Exercise inputs START
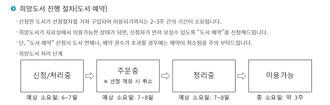 지금 신청하려는 책이 이미 소장 중은 아닌지도 확인해서 신청하는 것이 좋다. 위의 제외기준에 해당하지 않더라고 하더라도 이미 소장 중인 책이거나 다른 이용자가 먼저 신청해서 구입을 진행하고 있는 책이라면 신청은 거절될 수도 있다.
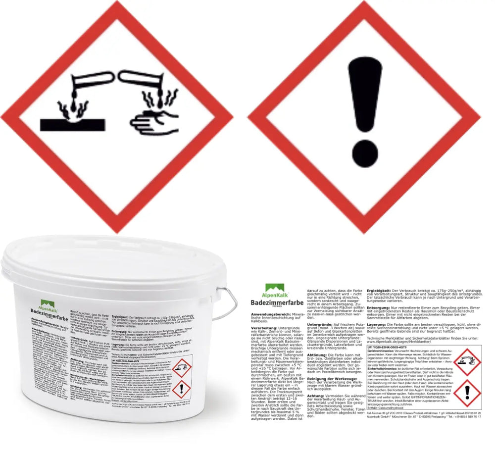 AlpenKalk Badezimmerfarbe sind gut verschlossen und bei frostfreier Lagerung mehrere Jahre haltbar.
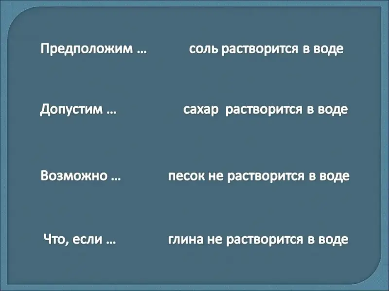 Давайте предположим, какое вещество, по вашему мнению, растворится в воде, а какое не растворится. Выскажите свои предположения, догадки и продолжите высказывание: (Слайд 3)
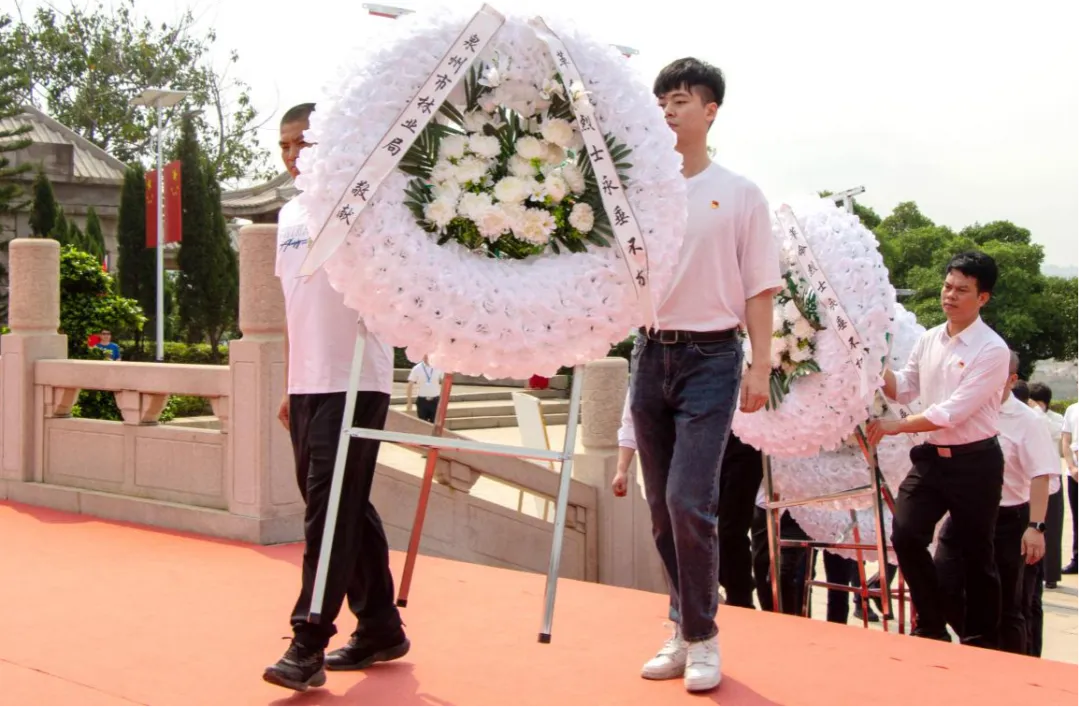 在泉州市革命烈士陵园,全体党员、干部职工整齐列队,奏唱国歌,默哀致敬,敬献花篮、鲜花,并依次走到革命烈士纪念碑前,缓步绕行一周,瞻仰烈士纪念碑,表达对革命先烈的哀思与怀念。
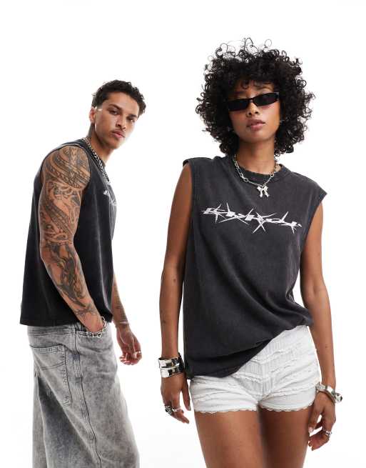Weekday Unisex boxy tank top with barbed wire text graphic print in black exclusive to ASOS
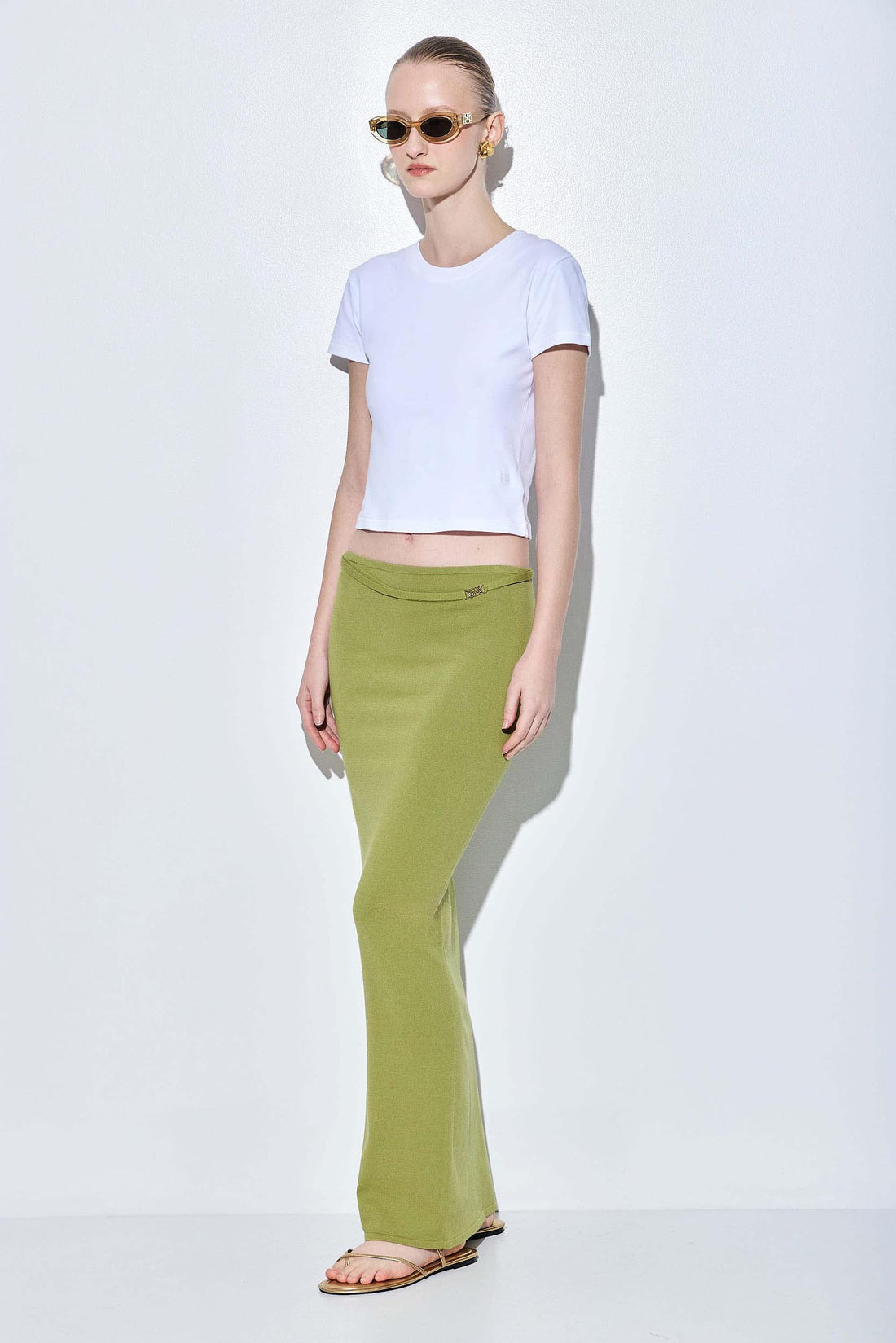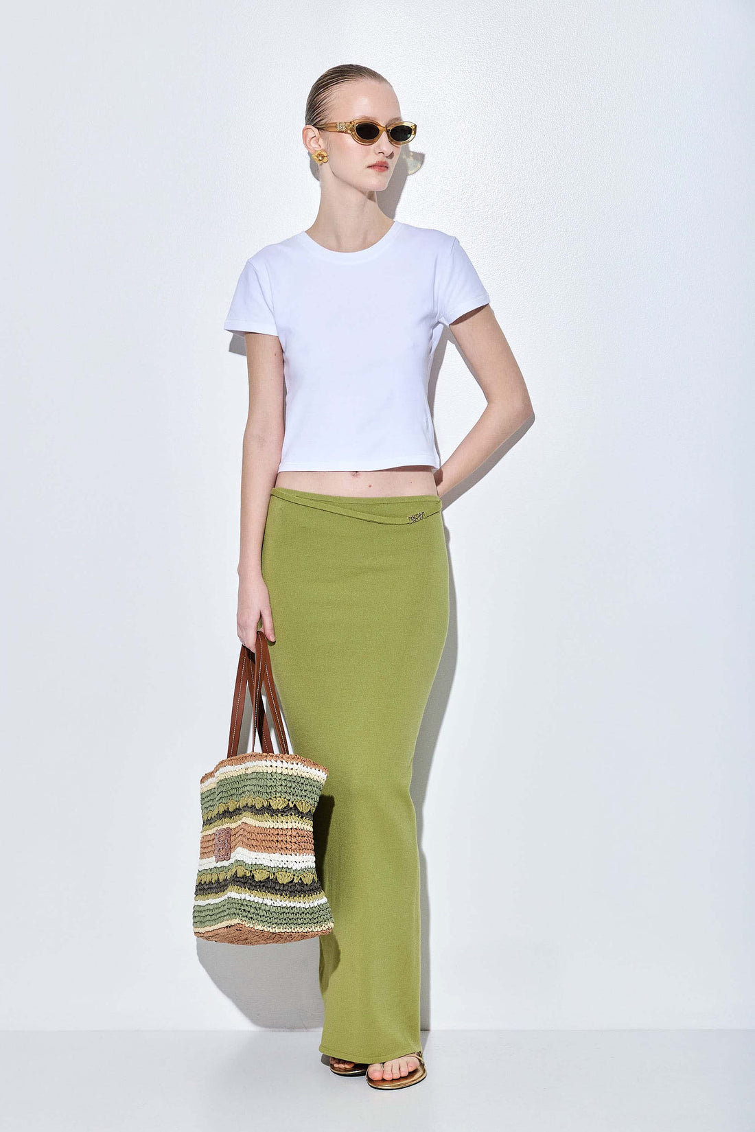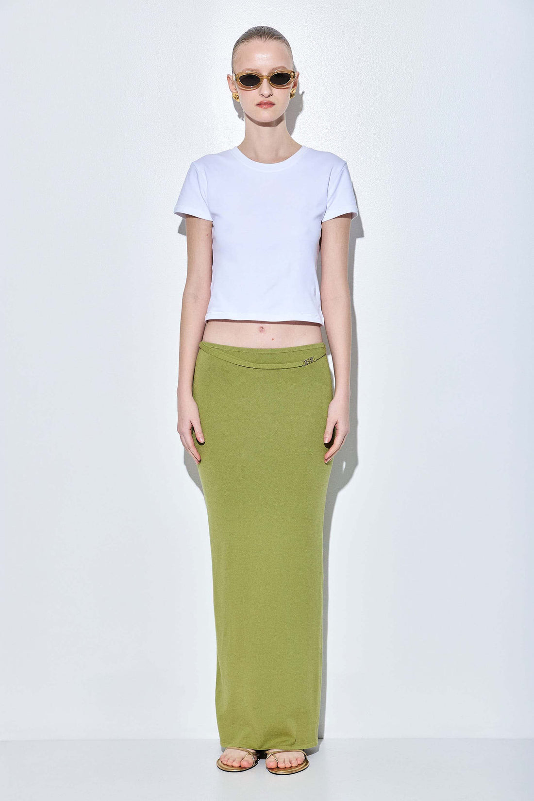 Our knitted buckle maxi skirt is this season's true must have. Made from a soft, stretchy knit fabric that hugs the body for a flattering silhouette. Features a gold buckle logo detailing on the front side. Straight fit. Fully fashioned fabric. Thin clean finish. Style it with our deep scoop knitted tank top and our beautiful pair of oval sunnies for a chic look.
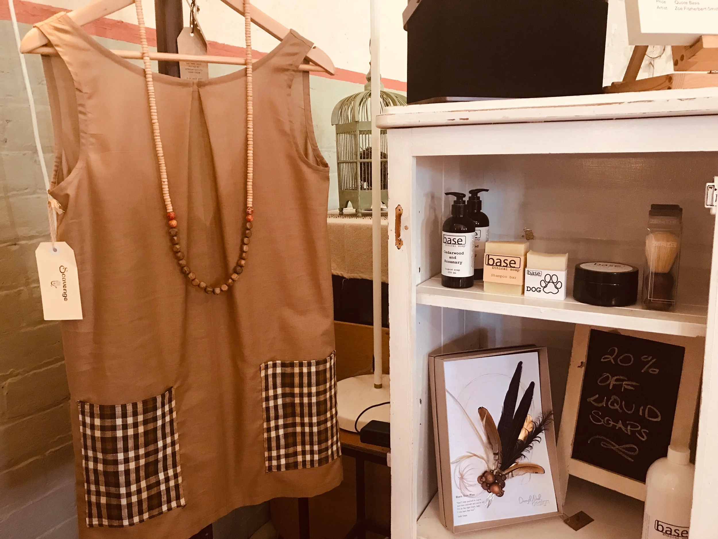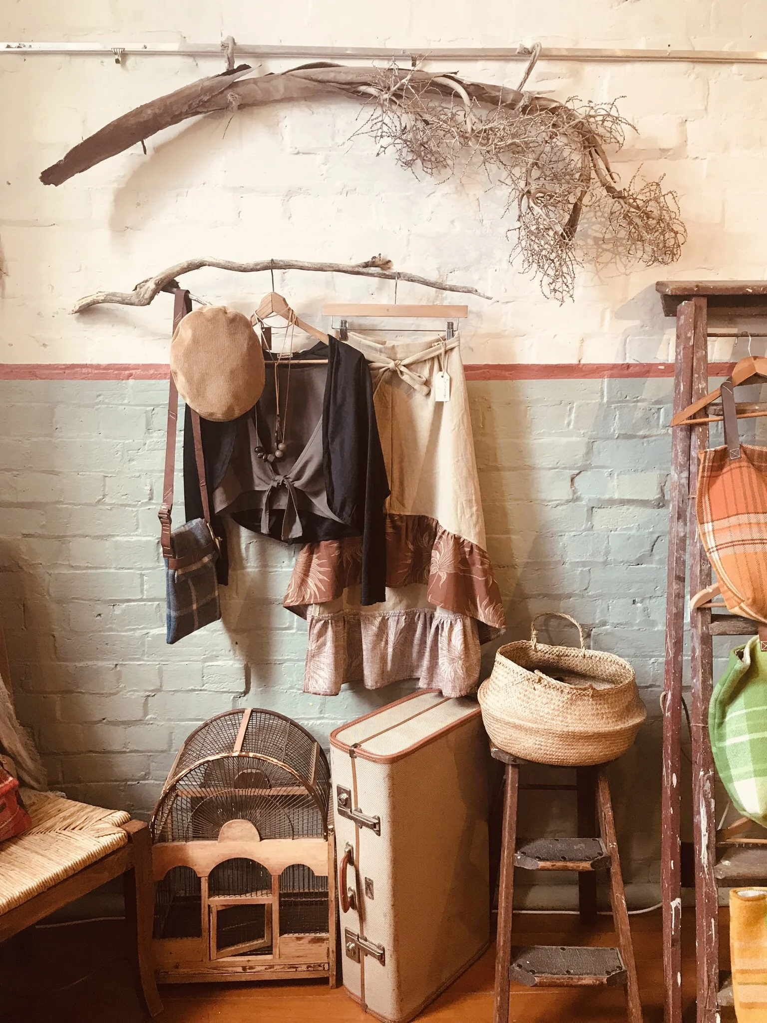 The twin staircase leads up to the main hall that sits beyond rustic draped lace curtains. It’s like stepping into a world of wonder. Handmade clothes, bags, jewellery, art, felt creations, baskets, furs, pottery, soaps, hats and wall decorations are just some of the special items that you will find inside.
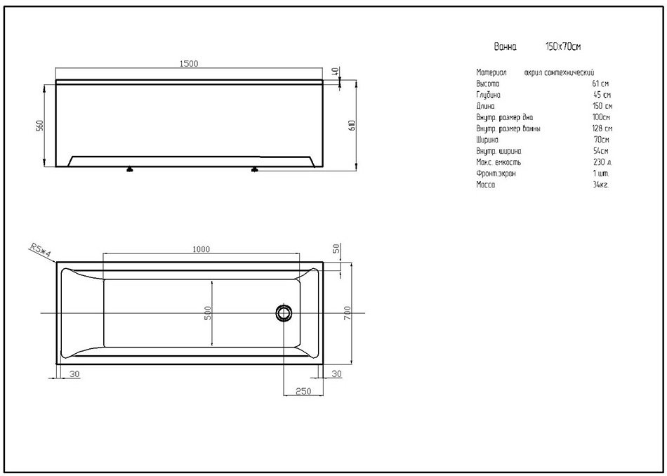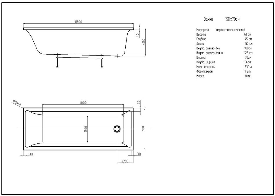 Акриловая ванна Aquatek Eco-friendly Лайма 1500х700 прямоугольная (LAI150-0000001)
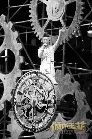本次演唱会为表现“时间”主题,舞台上摆满各种扭曲造型的钟,据说创意来自陈奕迅《陀飞轮》歌词中描绘的意境,形状大小不一的齿轮代表着时间流逝。
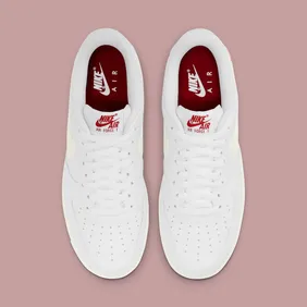 In the official images below, you can see that the sneaker will have a white leather base, all whole a creamy beige swoosh is placed on the sides. The midsole also matches this creamy shade, which leads to a nice little contrast. From there, we have a red heart near the back heel, all while Nike Air branding is written in red on the back heel and the tongue.
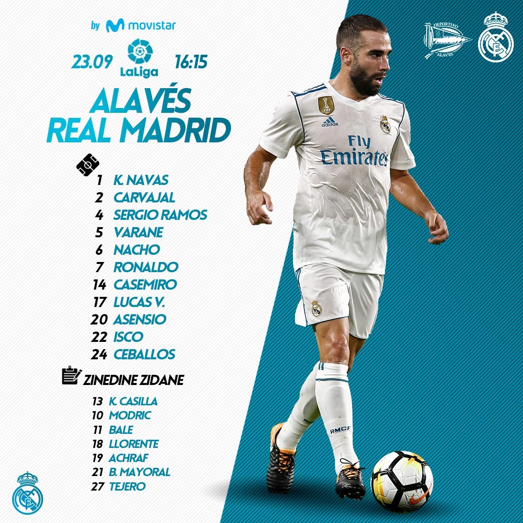 รายชื่อ 11 ผู้เล่นตัวจริง และสำรองของเรอัล มาดริดวันนี้ค่ะ ป.ล. ก่อนเริ่มเกมจะมีการมอบถ้วยแชมป์ลา ลีก้าในฤดูกาลที่แล้วให้กับเรอัล มาดริดด้วย # HalaMadrid สู้!!!
Exercise inputs END
Assigned task
Give back the entire listing verbatim, without the pictures.

Response to the task
 지금 신청하려는 책이 이미 소장 중은 아닌지도 확인해서 신청하는 것이 좋다. 위의 제외기준에 해당하지 않더라고 하더라도 이미 소장 중인 책이거나 다른 이용자가 먼저 신청해서 구입을 진행하고 있는 책이라면 신청은 거절될 수도 있다.
 AlpenKalk Badezimmerfarbe sind gut verschlossen und bei frostfreier Lagerung mehrere Jahre haltbar.
 Давайте предположим, какое вещество, по вашему мнению, растворится в воде, а какое не растворится. Выскажите свои предположения, догадки и продолжите высказывание: (Слайд 3)
 在泉州市革命烈士陵园,全体党员、干部职工整齐列队,奏唱国歌,默哀致敬,敬献花篮、鲜花,并依次走到革命烈士纪念碑前,缓步绕行一周,瞻仰烈士纪念碑,表达对革命先烈的哀思与怀念。
Weekday Unisex boxy tank top with barbed wire text graphic print in black exclusive to ASOS
 Our knitted buckle maxi skirt is this season's true must have. Made from a soft, stretchy knit fabric that hugs the body for a flattering silhouette. Features a gold buckle logo detailing on the front side. Straight fit. Fully fashioned fabric. Thin clean finish. Style it with our deep scoop knitted tank top and our beautiful pair of oval sunnies for a chic look.
 The twin staircase leads up to the main hall that sits beyond rustic draped lace curtains. It’s like stepping into a world of wonder. Handmade clothes, bags, jewellery, art, felt creations, baskets, furs, pottery, soaps, hats and wall decorations are just some of the special items that you will find inside.
 Акриловая ванна Aquatek Eco-friendly Лайма 1500х700 прямоугольная (LAI150-0000001)
本次演唱会为表现“时间”主题,舞台上摆满各种扭曲造型的钟,据说创意来自陈奕迅《陀飞轮》歌词中描绘的意境,形状大小不一的齿轮代表着时间流逝。
 In the official images below, you can see that the sneaker will have a white leather base, all whole a creamy beige swoosh is placed on the sides. The midsole also matches this creamy shade, which leads to a nice little contrast. From there, we have a red heart near the back heel, all while Nike Air branding is written in red on the back heel and the tongue.
 รายชื่อ 11 ผู้เล่นตัวจริง และสำรองของเรอัล มาดริดวันนี้ค่ะ ป.ล. ก่อนเริ่มเกมจะมีการมอบถ้วยแชมป์ลา ลีก้าในฤดูกาลที่แล้วให้กับเรอัล มาดริดด้วย # HalaMadrid สู้!!!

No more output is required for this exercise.